How will the reader be aware that there are two other very closely
related concepts - Individual Customer and Corporate Customer? Or if someone finds "Corporate
Customer", how will they be aware of Customer Type and Individual
Customer?
This shows that a large business glossary merges all concept
systems and loses relationships between concepts. It might be argued that I can put information
into definitions to mitigate this. For
instance, I could define Individual Customer as "a Customer Type where the
customer is an individual person".
However, it would be very unwise to list out all the Customer Types
within every entry of the three types.
This is not defining a concept, but repeatedly describing the concept
system.
However, I do wonder if the understanding that definitions
are to be included in a glossary affects the way they are written, so that there
are attempts to document the concept system and the relations within it.

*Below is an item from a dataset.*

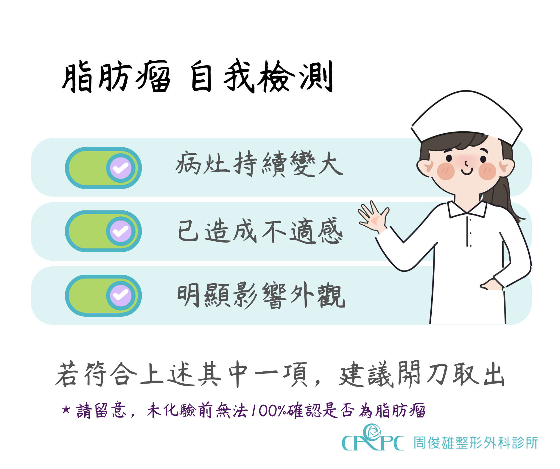 當您發現自己好像長脂肪瘤,可先觀察1.病灶是否快速變大2.是否造成不適感,例如壓迫到神經造成疼痛等3.明顯影響外觀,若符合以上一項,建議就醫並開刀取出。請注意,未化驗前無法證明是否100%為脂肪瘤。

This risks creating confusion.
A better attempt might be to have self contained
vocabularies. So we could form a
mini-vocabulary for the three concepts shown in Figure 1. At least they will all be together. But it would seem logical to start off with
the concept system itself, or at least the highest genus - Customer Type. However, "Corporate Customer" will
sort lexicographically ahead of that. So
this is another problem.
Producing a diagram and explanation of the concept system in
which all the concepts are defined, and their relationships explained (is a
relationship a concept I wonder) is probably the best way. So this leads us to conceptual models.
In reality, a glossary, vocabulary, and concept system are
three views of the same semantic space and we probably need all three. However, we have to recognize their
limitations and advantages.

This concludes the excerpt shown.